§ Task input
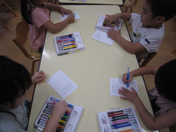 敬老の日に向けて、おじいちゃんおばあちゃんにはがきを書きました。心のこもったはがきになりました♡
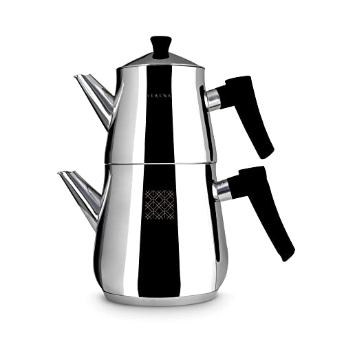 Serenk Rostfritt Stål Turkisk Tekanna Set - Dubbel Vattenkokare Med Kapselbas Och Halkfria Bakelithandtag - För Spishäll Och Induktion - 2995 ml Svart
--
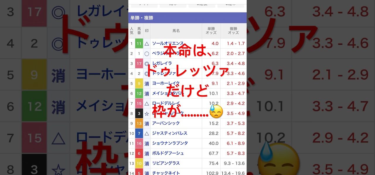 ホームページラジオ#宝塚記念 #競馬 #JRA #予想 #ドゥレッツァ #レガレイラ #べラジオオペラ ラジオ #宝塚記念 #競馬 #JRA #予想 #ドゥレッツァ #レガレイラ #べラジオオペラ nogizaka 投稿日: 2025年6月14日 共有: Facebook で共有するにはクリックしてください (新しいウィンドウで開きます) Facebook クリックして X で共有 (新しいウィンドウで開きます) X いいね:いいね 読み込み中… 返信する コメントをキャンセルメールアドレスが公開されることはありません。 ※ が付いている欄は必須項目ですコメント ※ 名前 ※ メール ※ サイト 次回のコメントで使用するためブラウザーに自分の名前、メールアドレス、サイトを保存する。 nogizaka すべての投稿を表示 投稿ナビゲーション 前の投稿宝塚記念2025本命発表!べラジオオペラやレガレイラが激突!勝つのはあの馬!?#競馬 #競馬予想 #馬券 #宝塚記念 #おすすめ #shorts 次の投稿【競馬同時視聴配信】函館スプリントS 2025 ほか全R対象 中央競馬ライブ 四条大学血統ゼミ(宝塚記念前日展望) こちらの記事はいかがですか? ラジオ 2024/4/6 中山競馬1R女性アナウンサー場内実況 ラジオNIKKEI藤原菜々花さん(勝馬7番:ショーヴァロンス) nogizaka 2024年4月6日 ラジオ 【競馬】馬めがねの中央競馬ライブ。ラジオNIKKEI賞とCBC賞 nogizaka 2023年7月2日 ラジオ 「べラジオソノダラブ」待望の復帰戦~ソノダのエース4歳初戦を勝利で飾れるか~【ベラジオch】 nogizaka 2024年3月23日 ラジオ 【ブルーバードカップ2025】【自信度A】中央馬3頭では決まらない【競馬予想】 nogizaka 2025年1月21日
---
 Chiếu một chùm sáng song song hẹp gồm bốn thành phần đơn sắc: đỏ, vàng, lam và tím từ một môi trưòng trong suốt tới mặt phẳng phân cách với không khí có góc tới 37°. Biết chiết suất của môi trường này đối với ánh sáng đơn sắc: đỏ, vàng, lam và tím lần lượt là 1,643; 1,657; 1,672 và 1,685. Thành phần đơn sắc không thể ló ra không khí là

§ Exercise brief
Would you give again, exactly, the lines in the data above that run from the line containing "敬老の日に向けて、おじいちゃ" to the line containing "Serenk Rostfritt Stål"? Include both ends and no pictures.

§ Answer section
 敬老の日に向けて、おじいちゃんおばあちゃんにはがきを書きました。心のこもったはがきになりました♡
 Serenk Rostfritt Stål Turkisk Tekanna Set - Dubbel Vattenkokare Med Kapselbas Och Halkfria Bakelithandtag - För Spishäll Och Induktion - 2995 ml Svart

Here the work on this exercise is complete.